Belanghebbende heeft bij faxbericht van 23 juli 2014 tegen de uitspraak van de Rechtbank hoger beroep ingesteld.

1.5.

De heffingsambtenaar heeft een verweerschrift ingediend.

1.6.

Het onderzoek ter zitting heeft plaatsgevonden op 17 juni 2015 te Arnhem. Belanghebbende is vertegenwoordigd door mr. [A] , werkzaam bij [B] te [C] . De heffingsambtenaar is vertegenwoordigd door mr. [D] en [E] .

1.7.

Belanghebbende heeft ter zitting, met instemming van de heffingsambtenaar, een kopie van het voorblad van de verkoopfolder van het object [a-straat] 97 te [Z] , overgelegd aan het Hof en de wederpartij.

1.8.

Van de zitting is een proces-verbaal opgemaakt dat aan deze uitspraak is gehecht.

1.9.

De heffingsambtenaar heeft na de zitting een afschrift van de Gemeenschappelijke regeling Belastingsamenwerking gemeenten en hoogheemraadschap Utrecht 2015 ingebracht, waarin in artikel 30, lid 3, is opgenomen dat de uitvoering van de Wet WOZ door de gemeente Bunnik is overgedragen aan de Belastingsamenwerking gemeenten & hoogheemraadschap Utrecht. Verder heeft de heffingsambtenaar toegestuurd het Aanwijzingsbesluit bevoegde ambtenaren belastingen BghU 2013, het Besluit mandaat, volmacht en machtiging belastingtaken BghU 2013, en het Mandaatbesluit senior taxateurs.

1.10.

Bij brief van 9 juli 2015 zijn voornoemde stukken ter kennisneming aan belanghebbende toegezonden.

2 Feiten

Belanghebbende is eigenaar van de onroerende zaak. Het betreft een twee-onder-een-kapwoning met twee vrijstaande schuren.
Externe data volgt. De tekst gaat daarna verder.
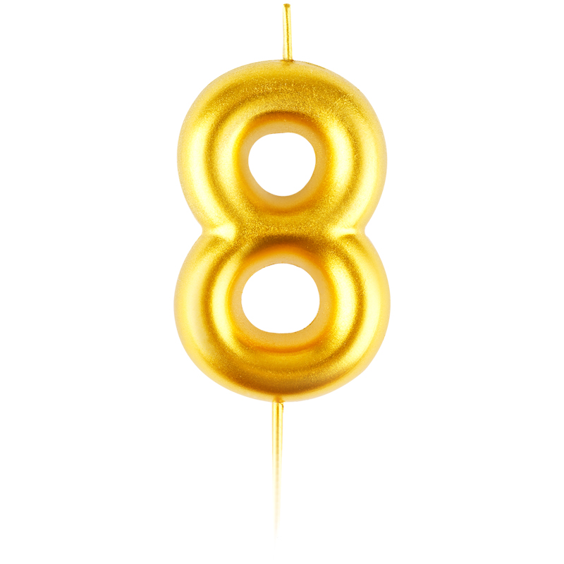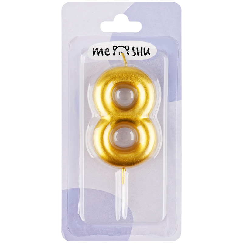 Свеча для торта с держателем MESHU "Цифра 8", 6 см, золотая, блистер
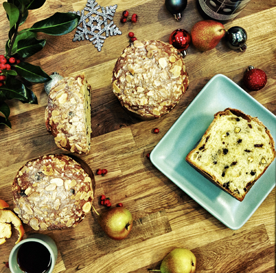 And panettone — scented with vanilla, citron, Meyer lemon, raisins, pistachios and Valrhona chocolate pearls — is $14.

De woning is gebouwd in 1930, heeft een inhoud van 350 m³ en is gelegen op een perceel met een oppervlakte van 1580 m². De schuur met de metalen wand is gebouwd in 1997 en heeft een oppervlakte van 420 m², de stenen schuur is gebouwd in 1930 en heeft een oppervlakte van 136 m². De woning is direct gelegen aan een parallelweg van een drukke provinciale weg.

3 Geschil

3.1.

In geschil is de waarde van de onroerende zaak op de waardepeildatum 1 januari 2012.

3.2.

Belanghebbende staat een waarde voor van € 225.000. Ter onderbouwing daarvan wijst belanghebbende op de verkoop van het object [a-straat] 97 te [Z] , welk object op 15 juni 2014 voor € 225.000 is verkocht.

3.3.

De heffingsambtenaar verdedigt de vastgestelde waarde van € 403.000. Ter staving daarvan wijst de heffingsambtenaar op een taxatiematrix die bij de Rechtbank is ingebracht.

3.4.

Belanghebbende concludeert tot vernietiging van de uitspraak van de Rechtbank, tot vernietiging van de uitspraak van de heffingsambtenaar en tot vermindering van de vastgestelde waarde tot € 225.000. De heffingsambtenaar concludeert tot bevestiging van de uitspraak van de Rechtbank.